= PROVIDED MATERIAL =
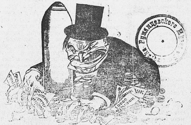
Капиталист.—Время для мира еще не пришло!
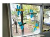
7,10班制作「体力アップを おうえんするとんぼ」
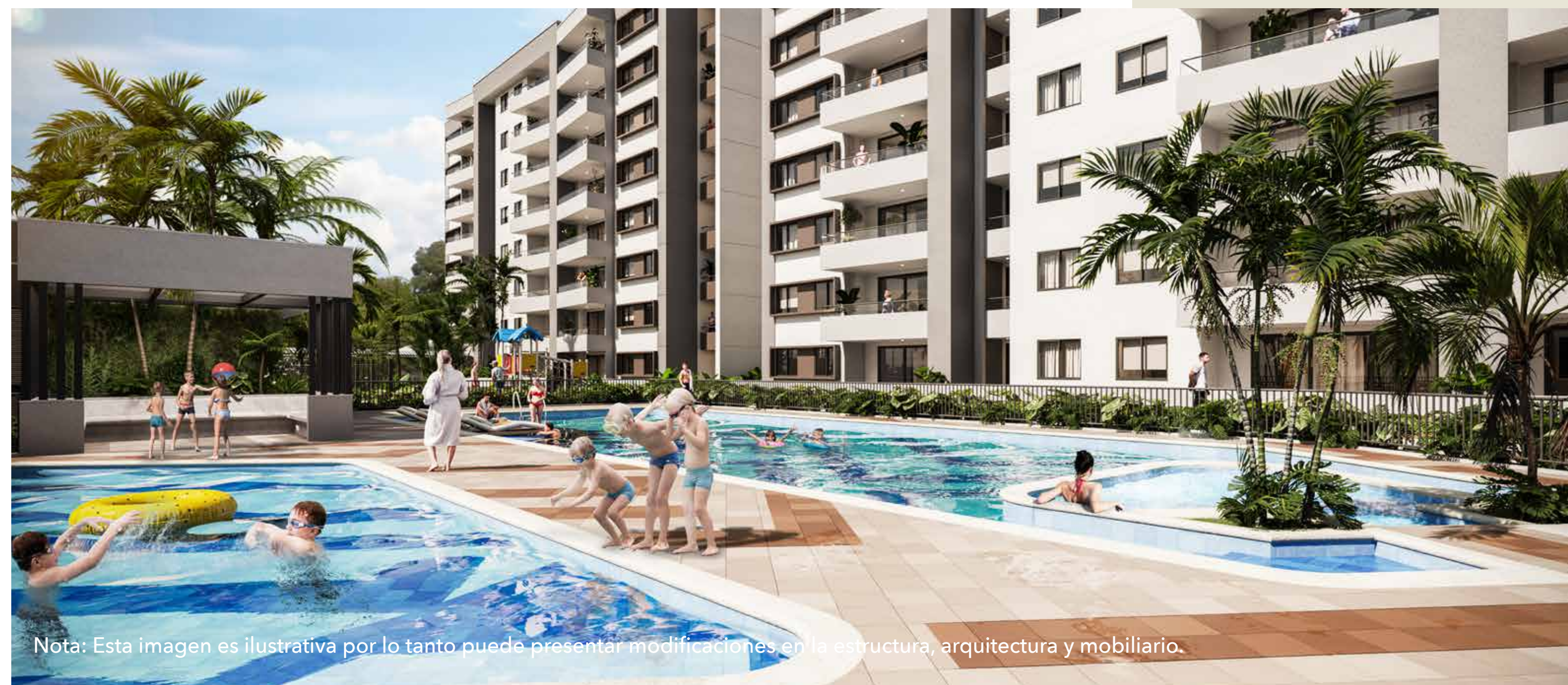
Nota: Esta imagen es ilustrativa por lo tanto puede presentar modificaciones en la estructura, arquitectura y mobiliario.
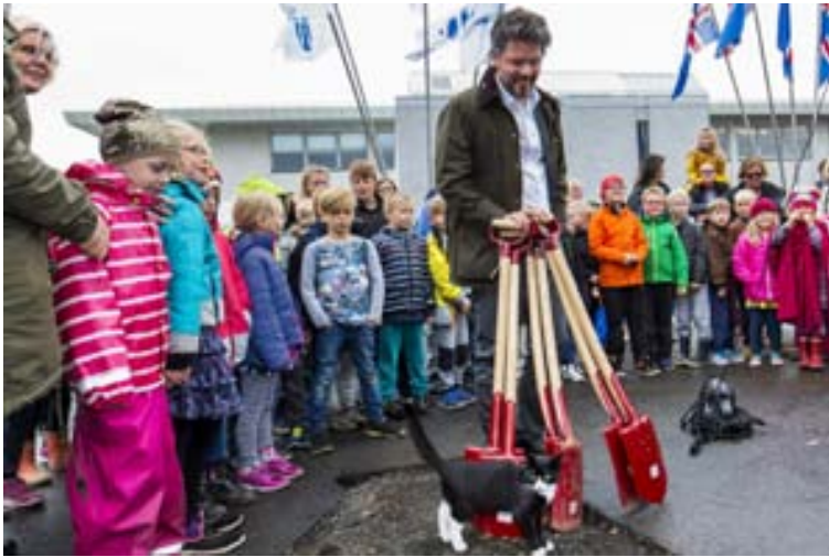
SKÓFLUSTUNGA Með viðbyggingunni er verið að mæta þörf vegna aukins nemendafjölda.
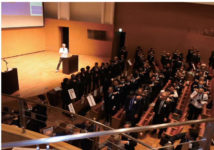
クラブ事業発表・会場風景

という考えで行いました。他クラブの活動内容を学ぶ機会として、刈谷、安城、西尾、碧南、西尾一色、高浜、西尾K I R A R A、三河安城、知立、各クラブの取り組みを会長様から発表していただきました。また、そのあとの懇親会では、アトラクションとしてクラブ対抗パフォーマンス歌合戦を開催し、大いに盛りあげられました。またポリオの募金活動にも皆様にご協力いただき80万円ものご寄付をいただきました。西三河分区が一つになった一日であります。以下はその時のスナップです。
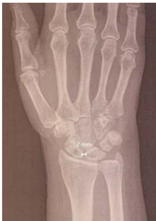
Figura 5 Radiografía postoperatoria al final del seguimiento; en la radiografía anteroposterior se aprecia una separación EL de 2 mm.

(°): grados; Dcho.: derecho; Izqdo.: izquierdo; mm: milímetros; Postop.: postoperatorio; Preop.: preoperatorio.
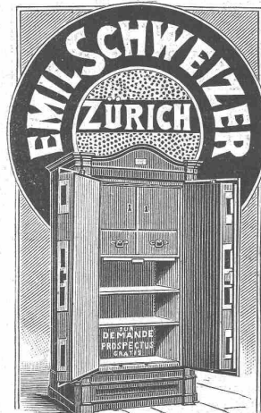
vormal Cosulich-Sitterding gegründet 1840.
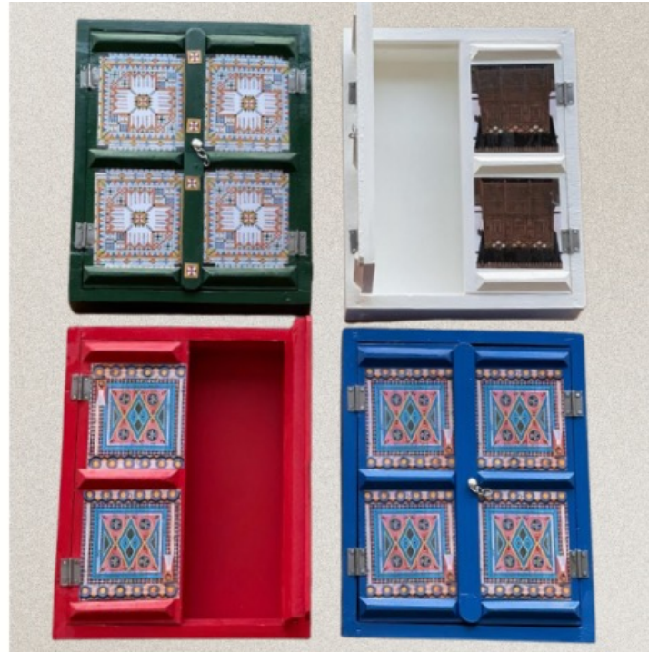
صندوق خشبي بتصميم الأبواب النجدية - دفتين

= YOUR INSTRUCTIONS =
Using the records above, reproduce exactly the lines from the line containing "という考えで行いました。他クラブの活動内容を学ぶ機会として、刈谷、安城、西尾、碧南、西尾一色、高浜、西尾K I R" through the last line, with both ends kept and no pictures.

= TASK SOLUTION =
という考えで行いました。他クラブの活動内容を学ぶ機会として、刈谷、安城、西尾、碧南、西尾一色、高浜、西尾K I R A R A、三河安城、知立、各クラブの取り組みを会長様から発表していただきました。また、そのあとの懇親会では、アトラクションとしてクラブ対抗パフォーマンス歌合戦を開催し、大いに盛りあげられました。またポリオの募金活動にも皆様にご協力いただき80万円ものご寄付をいただきました。西三河分区が一つになった一日であります。以下はその時のスナップです。
Figura 5 Radiografía postoperatoria al final del seguimiento; en la radiografía anteroposterior se aprecia una separación EL de 2 mm.

(°): grados; Dcho.: derecho; Izqdo.: izquierdo; mm: milímetros; Postop.: postoperatorio; Preop.: preoperatorio.
vormal Cosulich-Sitterding gegründet 1840.
صندوق خشبي بتصميم الأبواب النجدية - دفتين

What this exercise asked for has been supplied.